- - Thursday, May 25, 2017

BERLIN — The far-right Alternative for Germany (AfD) party might best be known for its vocal opposition to the refugees that have flooded into the country and their disdain for the euro. But the party’s deputy chairwoman, Beatrix von Storch, also rails against the country’s decades-old mandatory public broadcasting tax that German households and businesses must pay even if they don’t own a radio or TV.

“Resistance to the forced payment for television is a core issue of the party,” said Ms. von Storch, who refuses to pay the contribution of roughly $20 per month that underwrites Germany’s three major public television and radio broadcasters and their dozens of affiliates.

Ms. von Storch and her party are often harshly criticized on the broadcasters’ various satirical shows and entertainment programs, which the AfD believes are slanted left and shouldn’t be produced with mandatory taxpayer contributions.

“Public broadcasting is a relic that has to be abolished,” she said. She doesn’t “voluntarily pay the contributions requested unless I’m put under pressure by a bailiff.”

While the AfD’s political views are usually on the fringe of public opinion, its plank on the public broadcasting tax, known locally as the GEZ, has widespread appeal across the political spectrum.

Many otherwise law-abiding Germans refuse to pay the tax in spite of fines and even jail time. Last year, the agency that collects the GEZ, the Beitragsservice, issued over 25 million nonpayment warnings to approximately 41 million households — a 20 percent jump from 2014.

Introduced under a socialist government in the 1970s, officials initially required only households with televisions or radios to pay the GEZ. But the scope expanded in 2013 when the government began requiring all households and businesses to pony up.

Today, the government rakes in $8.6 billion a year in GEZ fees that comprise 85 percent of the public broadcasters’ funding.

Public broadcasting in the United States receives just a fraction of its annual operating costs from taxpayers — around $445 million a year. That amounts to about 15 percent of the industry’s annual $3 billion budget, with the difference made up by donations and other revenue.

Germany’s public broadcasters and proponents of the fees say they are necessary to support independent and diverse journalism and other content in an age of declining ad revenue.

“The public broadcasters make well-balanced programming not only to earn money, but also to inform the public and serve an educational purpose,” said Theresa Isigkeit, 28, a student in Berlin.

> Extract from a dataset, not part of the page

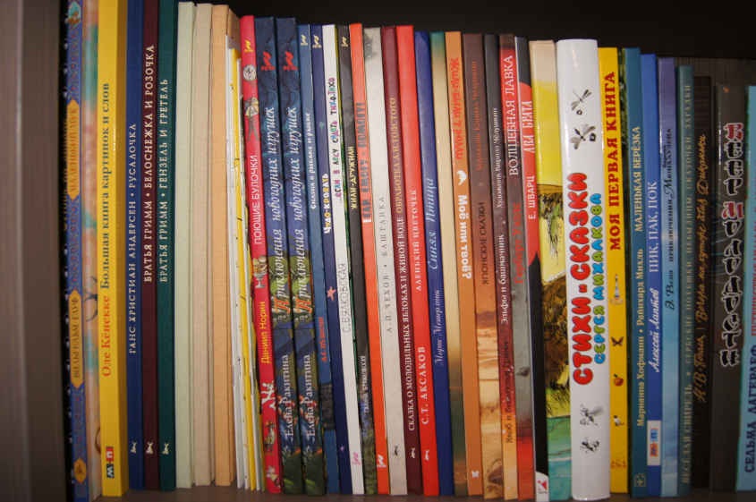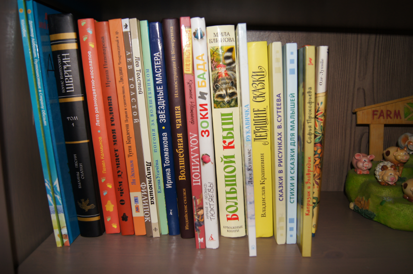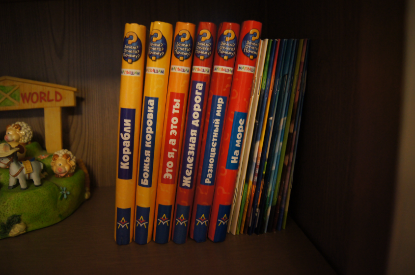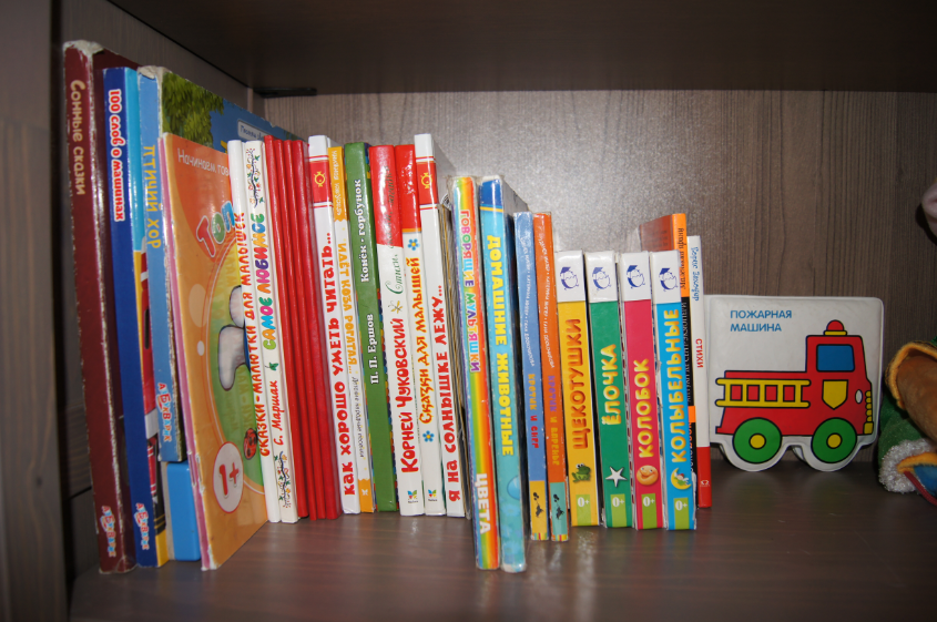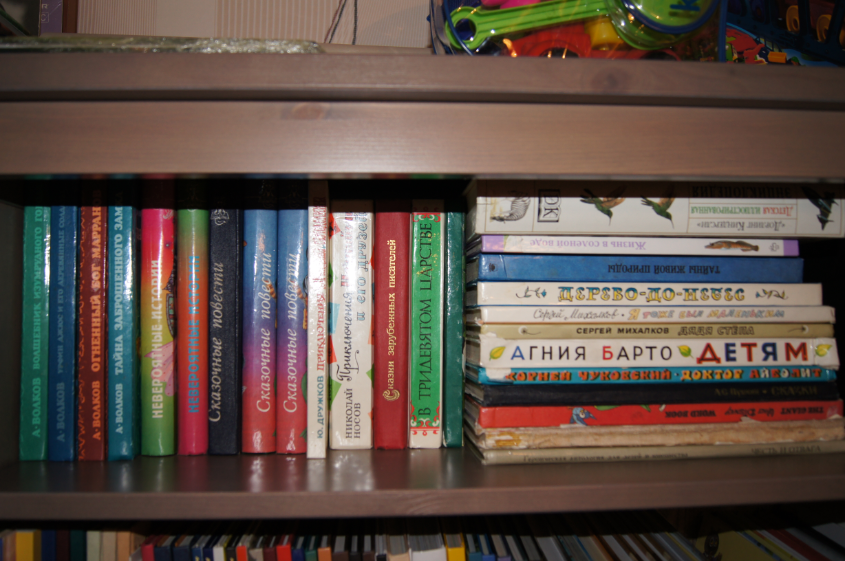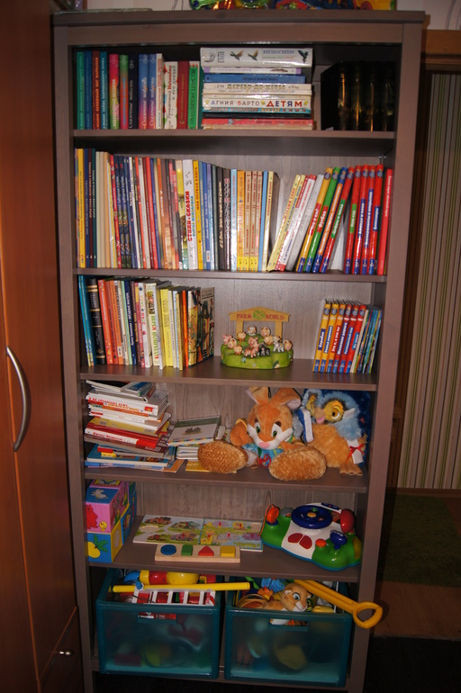 Часть книг позже (после покупки шкафа нам) переедет во взрослую часть библиотеки, а следовательно свободного места на полочках станет больше, но теми темпами пополнения что есть, это тоже боюсь ненадолго.

Still, many contest the methods used to collect the fees. Households and businesses must file separate transactions every month in addition to annual taxes. “Why don’t they just add something on your normal taxes? It doesn’t make sense,” said Max Kersting, 29, co-founder of a startup in Berlin. “I agree with the fees, but I don’t agree with the execution.”

Around 4.9 million households are facing punitive action for nonpayment. Last year, German officials froze the assets and jailed a “GEZ rebel” for 61 days — an action that has fueled opposition movements like the one led by like Rene Ketterer, owner of an information technology software company in southern Germany.

After clashing with the Beitragsservice for refusing to pay the GEZ, Mr. Ketterer decided to take action. He formed an online forum and protest group after the Beitragsservice paid him a visit for nonpayment on his car radio. His online forum now boasts more than 1 million views per month.

The opposition movement isn’t just digital. Thousands have met across Germany — from the southern city of Karlsruhe to Berlin’s hip tech circles — to protest and distribute information and to raise awareness.

Unlike the AfD, Mr. Ketterer doesn’t support completely abolishing the payment. He is looking for a conversation about its necessity, he said. That’s because 30 years ago, when media were analog and expensive to broadcast, Mr. Ketterer supported the GEZ. In the age of the internet, he’s not so sure.

“Do we really need this in the 21st century, when we have so many options for media and television?” he asked. “Everything is available to the public already.”

While television is traditionally one of the most expensive mediums for production, Mr. Ketterer questioned the necessity of the public business model and pointed to the success of the private model for newspapers in Germany.

Germany has one of the most thriving newspaper industries in Europe, with 80 million residents being served by 351 dailies, according to the Federal Association of German Newspaper Publishers. “There aren’t any public newspapers because with the newspapers [a private model] works,” said Mr. Ketterer. “Why shouldn’t it also work with television and radio.”

Meanwhile, dozens of lawsuits piled up in German courts to contest the GEZ and government crackdown for nonpayment. Those cases have drawn the attention of Germany’s Constitutional Court, whose justices are slated to discuss and issue a judgment on the legality of the forced payments by early fall.

Lower courts have ruled that the GEZ is constitutional. But that hasn’t shaken its opponents’ resolve. “We’ll definitely put pressure on the parliament to finally limit the scope of the public broadcasters which have burst their seams,” said Ms. von Storch.